Oftentimes, you don’t really want all of the raw data from your stream. You are usually interested in timed aggregations or other such things. This is the main use case of the while transform.

This transform performs a while loop on its second argument while its first argument is true. When the first argument becomes false, it returns the resulting datapoint, and begins the next loop.

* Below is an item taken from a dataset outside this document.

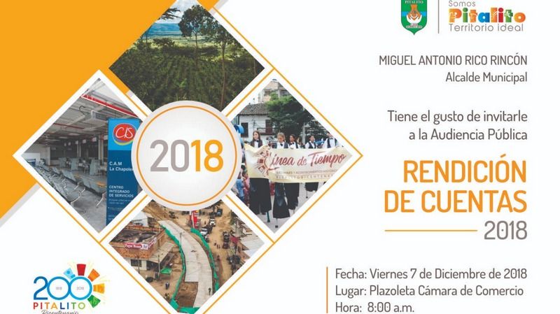 El acto de rendición de cuentas 2018 en el municipio de Pitalito – Huila, se llevará a cabo el día viernes 7 de diciembre a partir de las ocho de la mañana, en la Cámara de comercio del Neiva, seccional Pitalito.

This allows summing up datapoints over specified time periods. For example, day==next:day is true if the current datapoint and next datapoint in the stream ave timestamps from the same day.

This allows you to write a transform performing an aggregation per day:

while(day==next:day, sum)

The above transform loops through datapoints while they come from the same day, and sums their values. Once the next datapoint is a different day than the current one, it ends the while loop, and returns the sum, giving the sum of all datapoints that day. It then starts a loop for the next day.

The transform can also be used for smoothing. Suppose you want to smooth your data every three datapoints:

while(count%3!=0, mean)

This returns the mean of every consecutive three datapoints, making it easy to do a basic smoothing procedure.

Advanced Usage

The transform can also be used to implement error bars:

while(day==next:day, {"max": max, "min": min, "mean": mean})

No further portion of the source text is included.